It also appears to this court that it would be more convenient for the witnesses, and as convenient for the parties, if this case were transferred to the Western District of North Carolina, Shelby Division. Of course, the plaintiff has a right to choose her forum, but an affidavit of John B. Foster, (tendered by defendant) shows that the distance from Landrum to the Federal Court Building in Rutherfordton is only 26.1 miles, and there is no real showing that the appearance at that particular forum would be an inconvenience of any real importance to Mrs. Bridgeman, her son, or Dr. Miller. As to Dr. Noell, the distance to Rutherfordton is less than the distance to Greenville, although the mileage is not that important, and if he landed at the Greenville-Spartanburg Airport, he could reach Rutherfordton with little more difficulty than Greenville. On the other hand, defendant's witnesses are those connected in a fulltime capacity with the hospital or doctors' offices. Their convenience is not only important to them, but important to the community and to their attention at a hospital where their services are of great value and moment. It appears from the balance of conveniences, that it would be more convenient for the parties and the witnesses, as a whole, if the case were transferred to the Western District of North Carolina.

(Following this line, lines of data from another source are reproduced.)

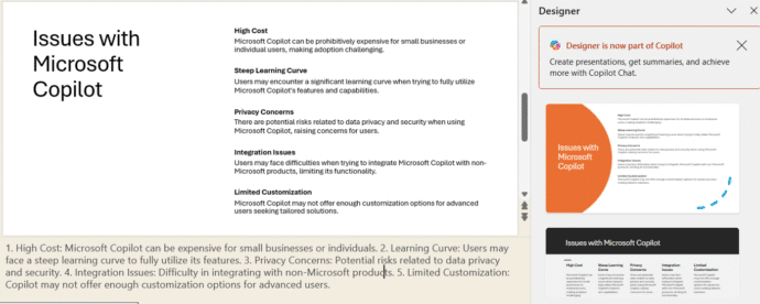 This is a welcome Copilot addition instead of ‘over the top’ AI offers to make a whole presentation. Copilot offers to make a single slide makes more sense. Importantly, it’s discreet, just a ribbon button not intruding into the slide workspace.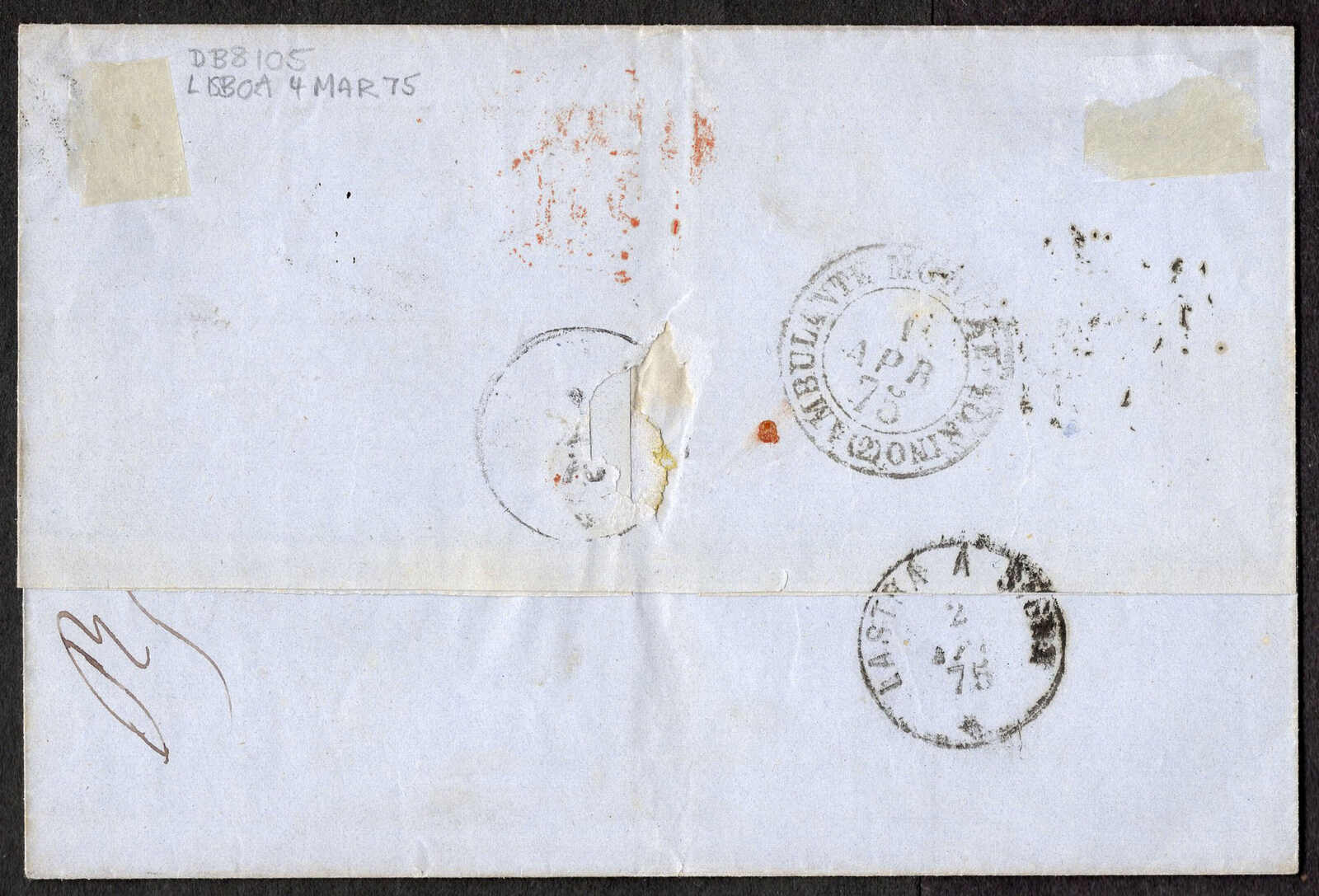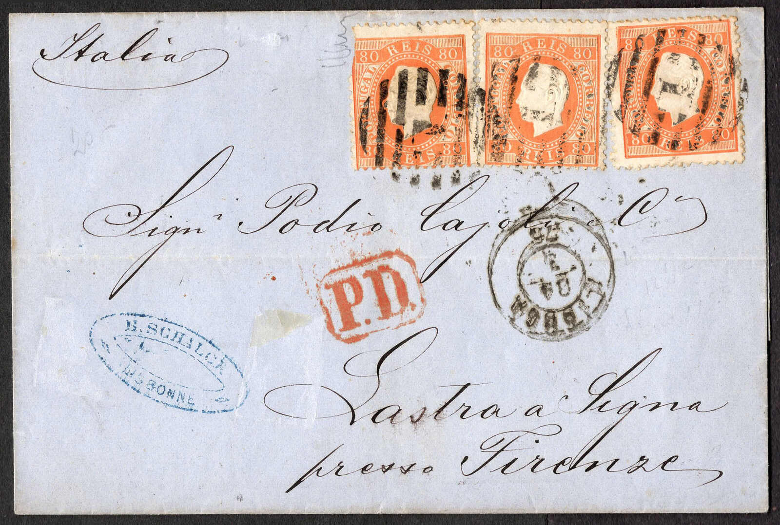 302 CVR   image1875 (March 4), 240 réis folded letter Lisbon to Lastra a Signa, Italy, franked with three 80 réis orange King Luiz I, the stamps showing fresh colour and sound perforations and tied by barred oval "1" cancels with a clear Lisboa (4 Mar) circular datestamp alongside, struck with boxed red P.D. indicating full prepayment, addressed to Lastra a Signa presso Firenze and showing on reverse AMBULANTE MODENA–TORINO (1 Apr) transit and LASTRA A SIGNA (2 Apr) arrival datestamps, the 240 réis franking paying the pre-UPU single-rate letter (up to 7½ g) to Italy via France, minor fold and small hinge traces on back, fine and appealing. (Image 1) (Image 2)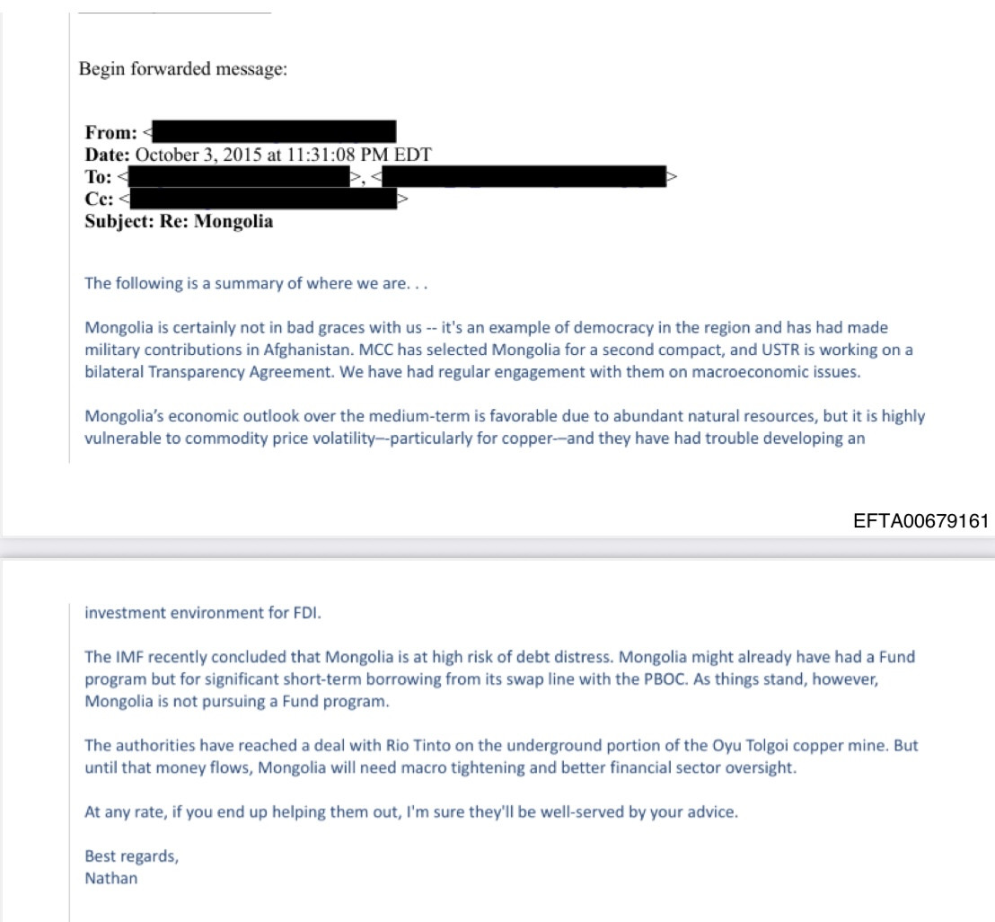 Жеффри Эпштейний хэрэгтэй холбоотойгоор АНУ-ын Хууль зүйн яамнаас олон нийтэд ил болгосон цахим шуудангуудын дунд Монгол Улсын эдийн засгийн бодлоготой холбоотой харилцаа, зөвлөлдөх шинжтэй агуулга багтсан нь анхаарал татаж байна. Үүнээс зарим агуулгуудыг түүвэрлэн хүргэе.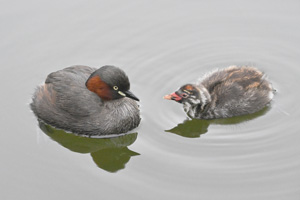 ひさしぶりに、カイツブリの親子を見かけました。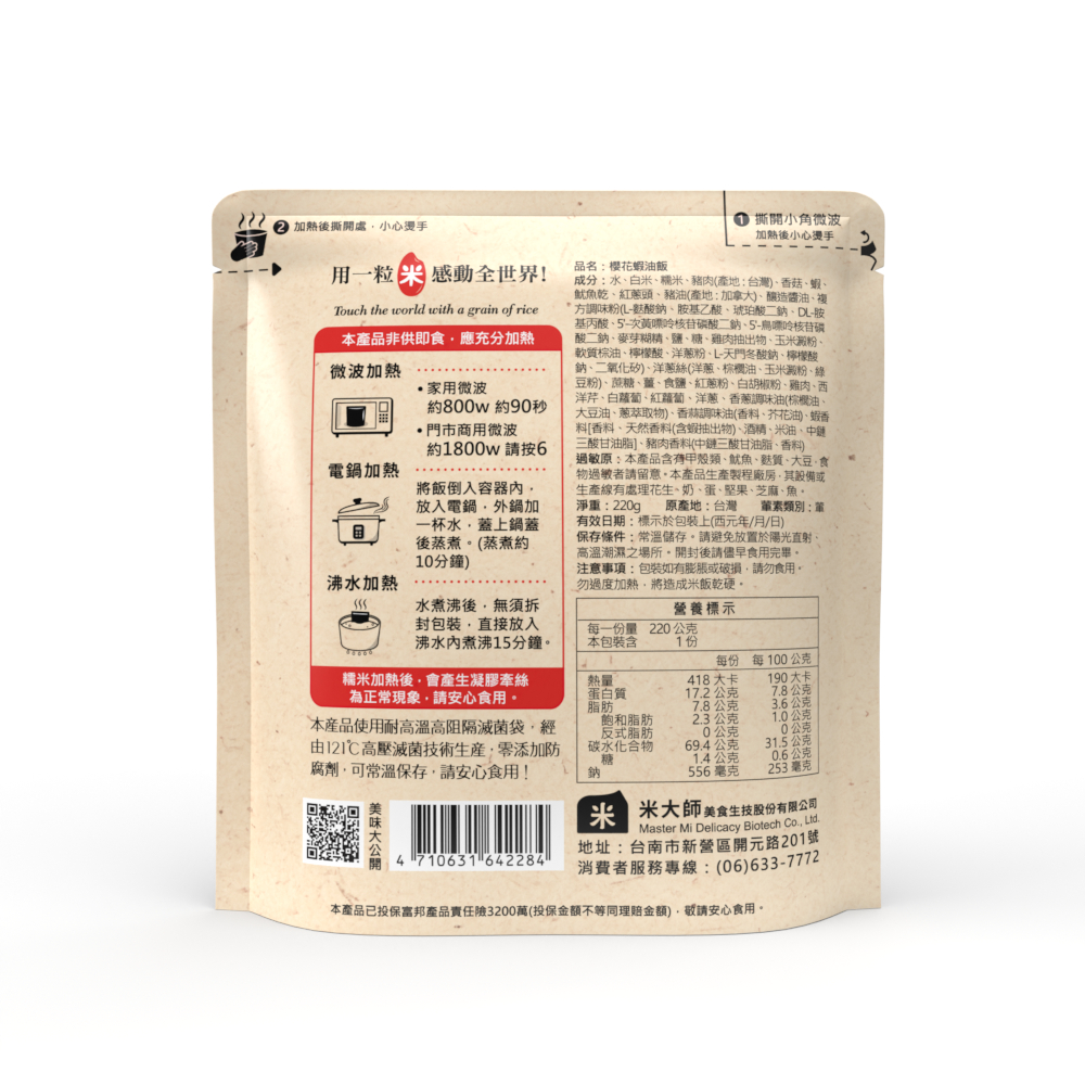 【米大師】櫻花蝦油飯 (常溫|油飯|炊飯|調理食品|微波|即食|方便食品)單包入(效期至2025.11)|3包入(效期至2025.11)Cooked FoodMaster Mi 米大師官方商城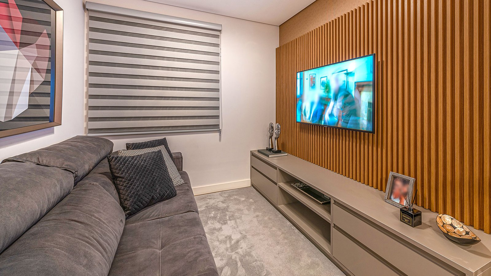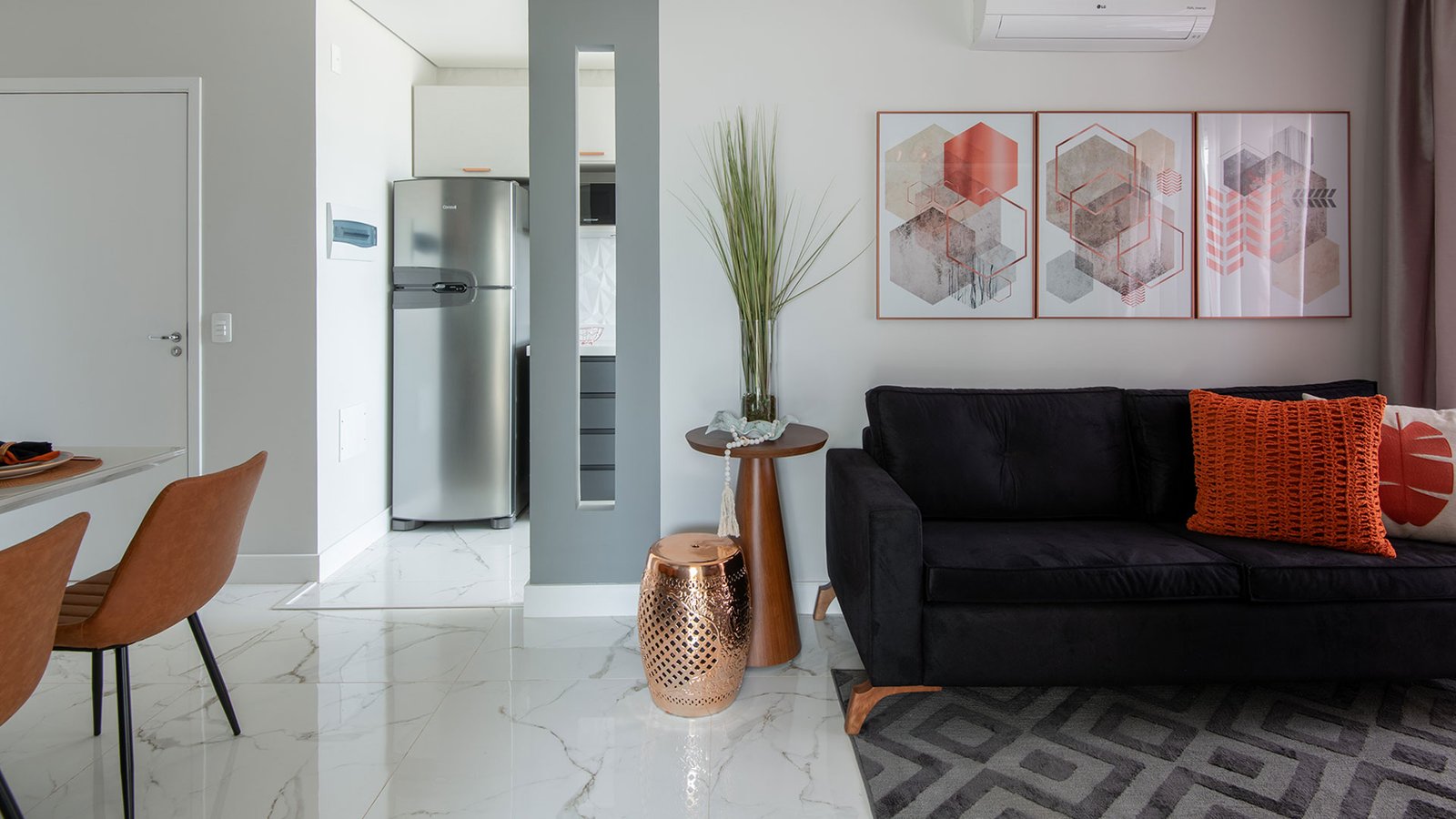 Sala de apartamento com estofados e decorações escolhidos pela designer de interiores Thaísa Soares.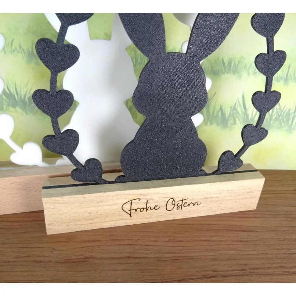 Die Häschen sind in einem Kranz mit Herzchen. Zur Auswahl schwarz oder weiß, in 3D-Druck erstellt.

In addition, this court feels compelled to transfer the case in the interest of justice. An examination of the record reveals that the defendant is not a practicing physician in South Carolina, but practices in North Carolina, where his alleged negligence would be judged under North Carolina law and statutes. When service was accomplished upon him, he was only in South Carolina for the purpose of visiting a horse show, and the record affirmatively reveals that the United States Marshal was not employed to make service upon him, but an individual by the name of "Bob Bailey" was employed, indicating the infrequency of defendant's visits to South Carolina. The defendant lives in North Carolina. The defendant is a professional man in North Carolina. All the treatments occurred in North Carolina and in a North Carolina hospital. The defendant does not practice in South Carolina. The deceased received care and treatment at the North Carolina institution. All of the original medical records are in North Carolina. The court comes to the inevitable conclusion that this is a North Carolina case, and should be tried in a North Carolina forum by a North Carolina judge familiar with North Carolina law, using witnesses who are North Carolina people for the most part.
It is true that plaintiff ordinarily has the right of choice of forum, but this court cannot escape the fact that the plaintiff went to North Carolina for treatment, and there is no showing that the plaintiff could not get an equally fair and impartial trial in North Carolina. To bring the defendant to South Carolina for trial does not seem to be in the interest of justice in this case.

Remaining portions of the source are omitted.